Nursing - Caring Culture - Report Writing - Assessment Answer

January 08, 2017
Author : Ashley Simons

Solution Code: 1AFAH

Question:Nursing

This assignment is related to ”Nursing ” and experts atMy Assignment Services AUsuccessfully delivered HD quality work within the given deadline.

Nursing Assignment

Assignment Task

Nursing

These assignments are solved by our professional Nursing at My Assignment Services AU and the solution are high quality of work as well as 100% plagiarism free. The assignment solution was delivered within 2-3 Days.

Our Assignment Writing Experts are efficient to provide a fresh solution to this question. We are serving more than 10000+ Students in Australia, UK & US by helping them to score HD in their academics.

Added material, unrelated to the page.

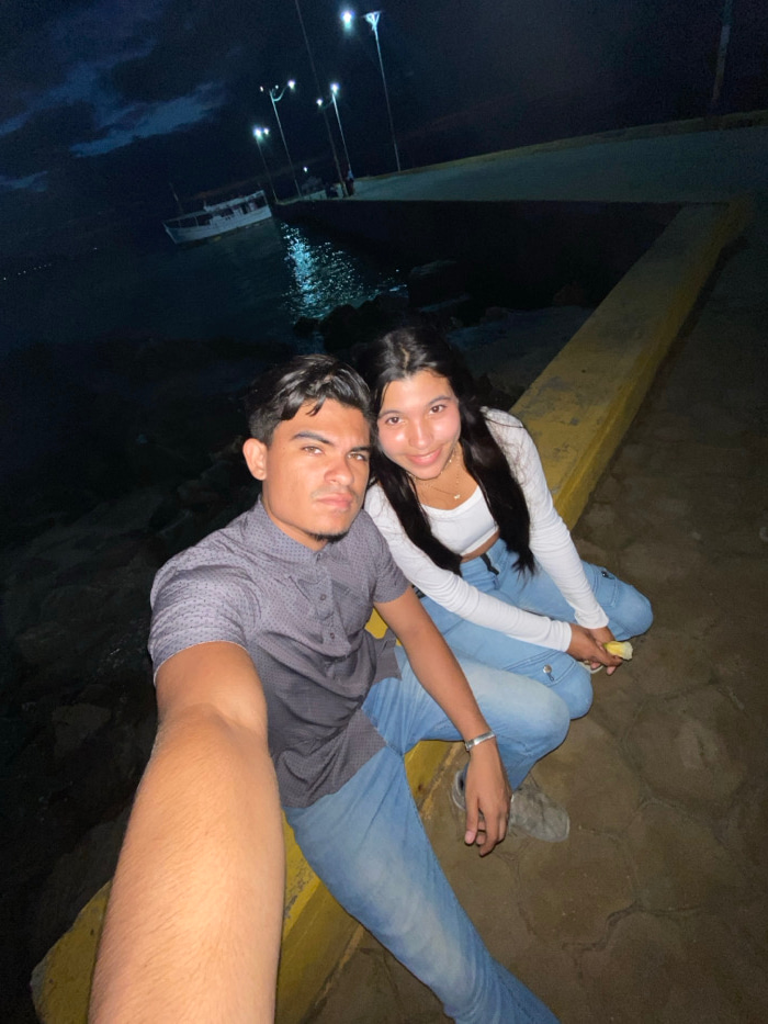 A young couple poses for a selfie at night near the water. The woman, wearing a white long-sleeved top and jeans, sits next to the man in a dark button-down shirt and jeans. They're positioned near a…read more

Our Experts are well trained to follow all marking rubrics & referencing style.

Solution:

Introduction

Caring culture is defined as a culture that facilitates equitable resource access to all individuals in need of care. The culture closely associates with a person-centred approach to care provision and serves to elevate human experiences (Hamington 2010, p. 678). It encompasses personally connecting with patients and members of their family so as to deeply understand and put an end to all levels of suffering (Ladden et al 2013, p. 1836). Further, the aspects of both caring and uncaring form a part of ‘culture of care’ and these serve to include the manner in which care providers tend to create and express meaning in care delivery (Smolowitz et al 2015, p. 133). Literature also serves to compare culture of care with organisational culture that can be measured with the help of three categories namely individual qualities, relational qualities and decision making qualities (Lee et al 2013, p. 153). The category of ‘individual qualities’ is defined by attributes of courage, integrity and curiosity (Decker & Decker, p. 152). On the other hand, the category of ‘relational qualities’ encompasses attributes of nurturing, fostering and valuing and the category of ‘decision making’ consists of attributes of balance, respect and attention (O’Ferrall 2013, p. 327). Psychological capital of professionals in a caring culture is harnessed in a positive manner so as to create shared values, build supportive relationships, listen to feedback and yield best possible patient outcomes (Hewlett & Winn 2014, p. 204).

This assessment is aimed at providing an overview of a speciality practice area with an emphasis on changes that have occurred over the past decade. Impact of these changes on nursing practice shall also be discussed. This will be followed by elaborating on the context of practice setting with the help of a person-centred approach. Evidence will be drawn from experiences of individuals receiving care and current practices in caring culture will be analysed. Finally, valuable recommendations for making improvements to caring culture will be discussed. Ambulatory care nursing has been selected as the area of speciality for the purpose of this assessment.

Practice Changes

A major change in ambulatory care nursing that occurred within the past decade is driven by technology (Martinez et al 2015, p. 59). Technological evolution has facilitated ease of access to information and delivery of healthcare services thereby eliminating the need for professionals to be tied up to monolithic systems (DeBrew 2010, p. 46). In other words, technology has given nursing professionals the ability to access records, consult with doctors and provide advice while operating outside the traditional hospital setting(Hamington 2010, p. 693). Electronic records have also served to improve decision making as everything is systematic and organised. This change has enabled nursing professionals to increasingly care for their patients outside hospital settings. The impact of this change can be clearly witnessed in the decreasing number of hospitalisations since 2009 (Ladden et al 2013, p. 1833). In accordance with published statistics, number of inpatient visits witnessed a fall of approximately 3.25% in 2014 while outpatient healthcare visits witnessed an increase of 14.15% in the same period. Further, the total number of outpatient stays increased by a total of 96% from 2006 to 2013 (Smolowitz et al 2015, 135).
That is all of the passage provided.